» **What to produce**
After locating the line that contains "Frosted Acrylic Diffuser", output that line and each one following it, exactly, to the end of the entries. No pictures.

┄┄┄┄┄┄

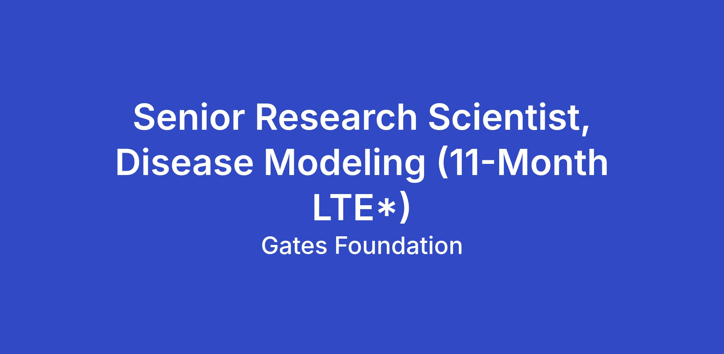 Senior Research Scientist, Disease Modeling (11-Month LTE*)
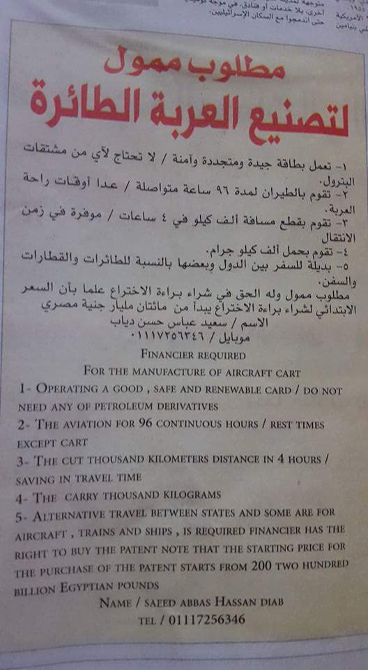 والإعلان المنشور عن العربة الطائرة، والذي تناقلته الشبكات الاجتماعية بكثافة، يبحث فيه المخترع عن ممول للاختراع، يشتري براءة الاختراع من صاحبه، ووضع رقم هاتفه المحمول في الإعلان، منبهاً أن ثمن براءة الاختراع يبدأ من مئتي مليار جنيه.
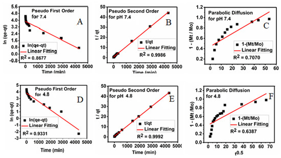 The kinetic release studies can be used to describe the change in the concentration over time to investigate factors that affect the reaction rate. For this, first-order Equation (1), pseudo-second-order Equation (2), and parabolic diffusion Equation (3) release kinetic models were used, and the amount of the drug released into the PBS solutions at pH 4.8 and pH 7.4 at the preset time was determined using the UV/Vis spectroscopy, and the results are shown in Figure 12.
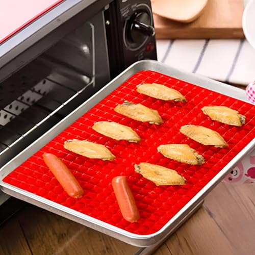 Generic - Baking Sheets - Non-Stick Silicone Mats with Red Pyramid Design for Versatile Cooking, Including Grilling, Microwave Use, and Baking Pastries, Size 40 * 27 cm
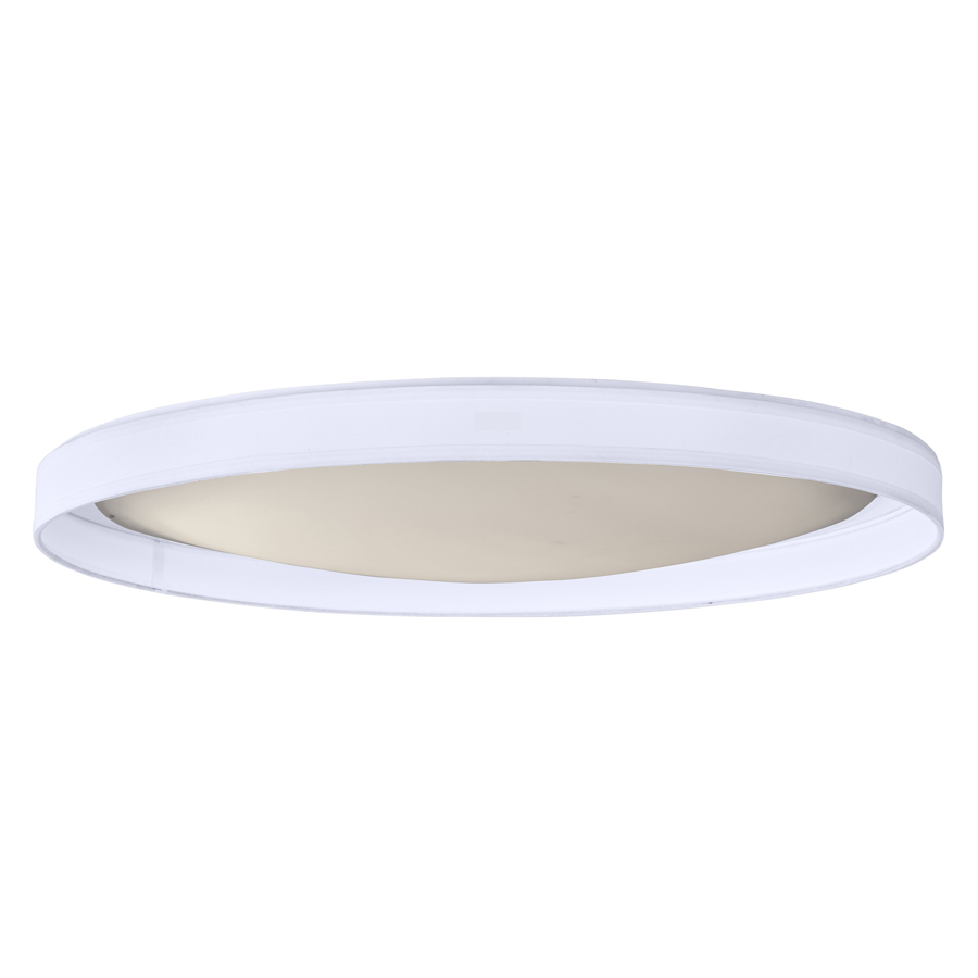 36" diameter Powder Coat White Integrated LED Ceiling Fixture, 30 watt, 3000K, 90CRI, 120V AC, direct wired, White Linen Hardback Shade with White Frosted Acrylic Diffuser
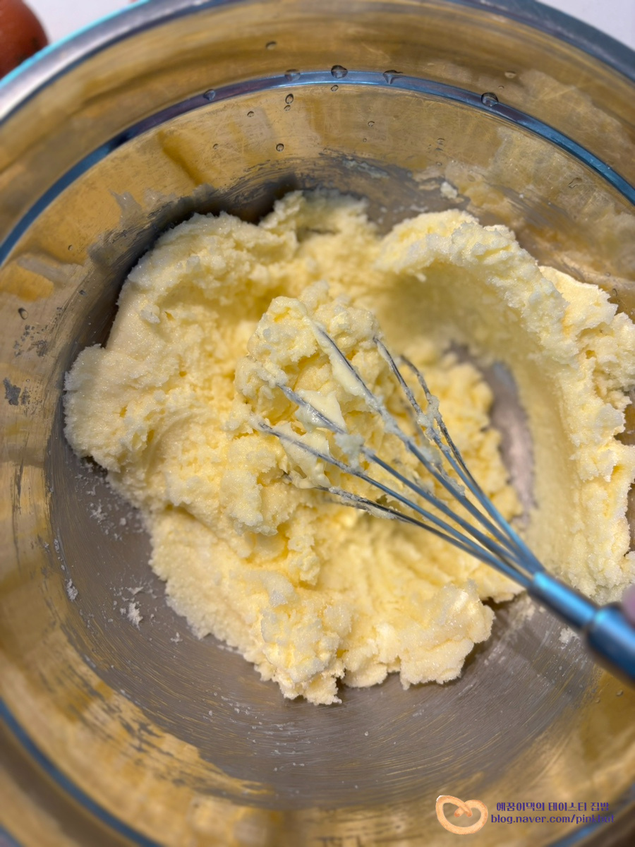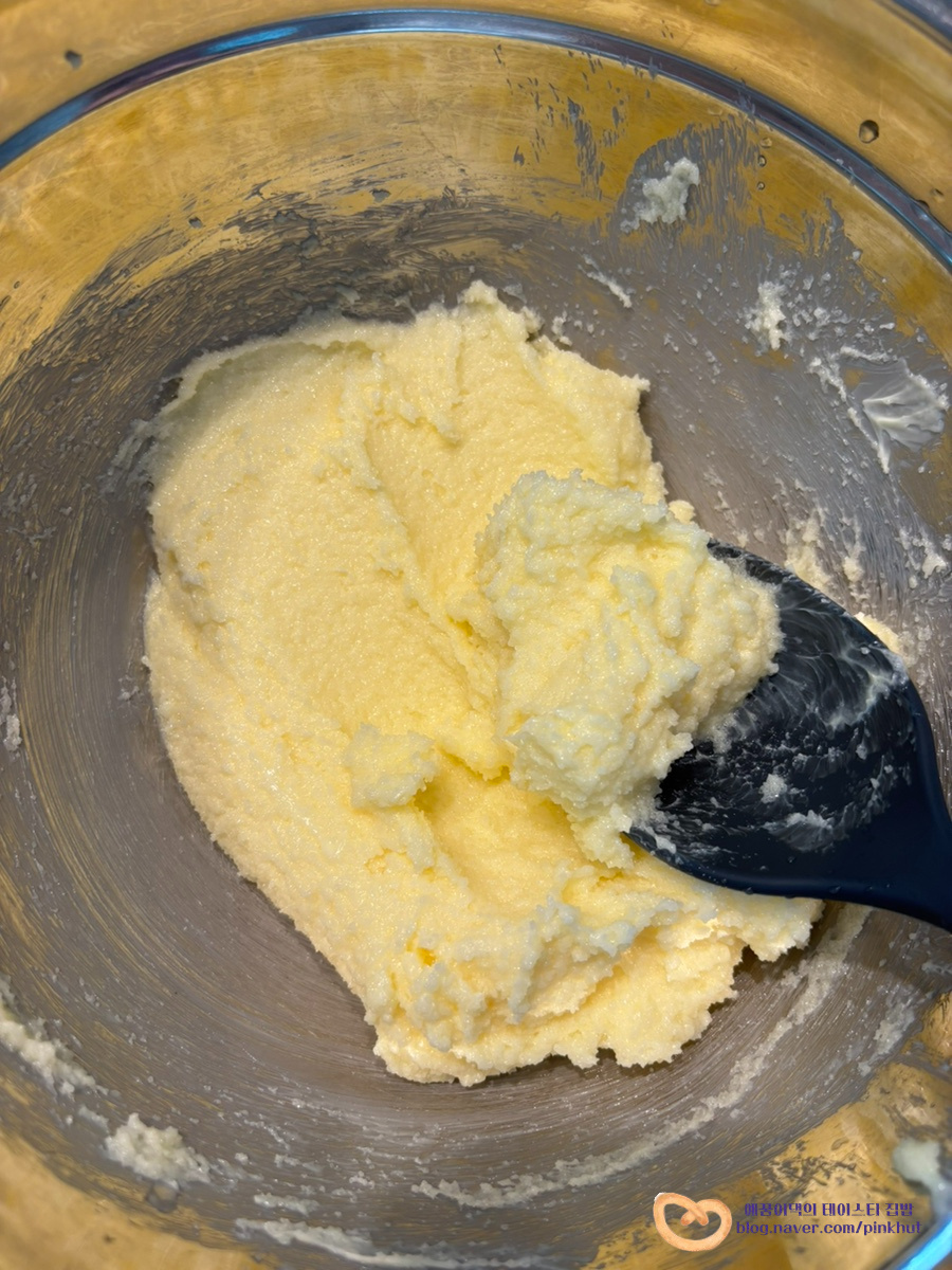 너무 과하게 녹이지 않아도 돼요. 쿠키류의 경우 반죽을 너무 오래 섞어도 식감이 오히려 떨어져요. 설탕이 적당히 서걱거릴 정도로 섞어주시면 됩니다

┄┄┄┄┄┄

» **Answer to this problem**
 36" diameter Powder Coat White Integrated LED Ceiling Fixture, 30 watt, 3000K, 90CRI, 120V AC, direct wired, White Linen Hardback Shade with White Frosted Acrylic Diffuser
 너무 과하게 녹이지 않아도 돼요. 쿠키류의 경우 반죽을 너무 오래 섞어도 식감이 오히려 떨어져요. 설탕이 적당히 서걱거릴 정도로 섞어주시면 됩니다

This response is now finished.